According to the new law, plastic bags at grocery stores will no longer be available starting in July of next year and for everywhere else as of the following year. Also, instead of offering free designated paper bags, customers are charged 10 cents per each paper bags for their shopping.

The idea has a measurable intention to define yet another concept of expanding environmental conservation with the process of developing industrialized consumer-products and overlooks more traditional customer service approaches in favor of better economy and item advantages.

This proposal has seen some opposing concerns from the public due to fear of job loss and having to pay more for bags at the grocery store. However, the crucial need for more effective and gradual improvements towards the easier and greener product transportation business will convince people about the positive market approach of transitioning to re-useable and paper bags.

Pretty much all of the grocery companies’ organizations and markets nationwide have served to offer plastic bags for many years. These plastic bags were cheap, very easy-to-grab, hands on and ultimately plenty in majority of places in our town.
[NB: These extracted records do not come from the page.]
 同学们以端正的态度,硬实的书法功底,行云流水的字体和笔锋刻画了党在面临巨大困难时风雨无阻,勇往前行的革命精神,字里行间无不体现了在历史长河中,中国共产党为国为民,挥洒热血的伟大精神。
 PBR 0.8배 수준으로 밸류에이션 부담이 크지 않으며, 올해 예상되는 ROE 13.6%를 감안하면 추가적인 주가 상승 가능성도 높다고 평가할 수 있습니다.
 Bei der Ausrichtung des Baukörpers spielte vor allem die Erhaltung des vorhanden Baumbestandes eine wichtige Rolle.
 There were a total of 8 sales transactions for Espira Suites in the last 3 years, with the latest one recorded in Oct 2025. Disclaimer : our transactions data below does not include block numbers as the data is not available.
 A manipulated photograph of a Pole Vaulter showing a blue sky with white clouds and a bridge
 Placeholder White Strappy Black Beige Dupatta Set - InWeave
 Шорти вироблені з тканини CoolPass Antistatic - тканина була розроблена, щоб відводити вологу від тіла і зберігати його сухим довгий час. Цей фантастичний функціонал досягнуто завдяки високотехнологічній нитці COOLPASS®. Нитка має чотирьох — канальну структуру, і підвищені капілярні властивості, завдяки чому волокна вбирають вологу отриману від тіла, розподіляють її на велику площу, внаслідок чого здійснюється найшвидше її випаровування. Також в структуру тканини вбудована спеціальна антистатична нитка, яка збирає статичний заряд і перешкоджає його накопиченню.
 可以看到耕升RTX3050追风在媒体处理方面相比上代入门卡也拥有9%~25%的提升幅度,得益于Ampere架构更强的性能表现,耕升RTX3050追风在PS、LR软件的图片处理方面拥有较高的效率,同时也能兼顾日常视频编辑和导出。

We can find them in little boxes in our garage, in used factory machines, in schools, in restaurants and also all over the empty plastic machines in the street that identifies as easiest thing to carry our daily needs with it.

It proves why we always have to expect to see new changes and paying attention to the nature of any possible things happens around us. The idea to replace plastic with papers would bring essential improvement.

People might say paper is one of the most polluting industry according to natural resources methods, but permanently it would essentially conserve oil that appears to the cause infiltrating of gases into our air after when being produced in chemical engineering dispersants companies and oil petroleum factories.

According to Slate Magazine, plastic bags don’t biodegrade at all and we have to wait for UV Rays to destroy it, which would takes up to 1,000 years. Papers take much less weight to be destroyed and a shorter time to reproduce through the course of a year domestically and globally.

Paper bags are partially made of recycled paper or fiber. They contain 35 percent recycled materials and, once discarded, they can be recycled again or be torn into small pieces and fit into compost piles.

Papers are recyclable and they’re designed to decompose faster and easier than plastic which is beneficial in transportation and has diverse shape.

Overall, paper and reuse are much more purposeful than dirty plastics. Moreover, California’s ecosystem, air quality and economy are ready for a more purposeful and efficient future of a marketplace that does not sacrifice so much just to make or transport goods between stores and consumers.

It’s time now to start embracing changes in the day-to-day marketplace instead of fearing it and using that fear as an excuse to cling onto inefficient traditions.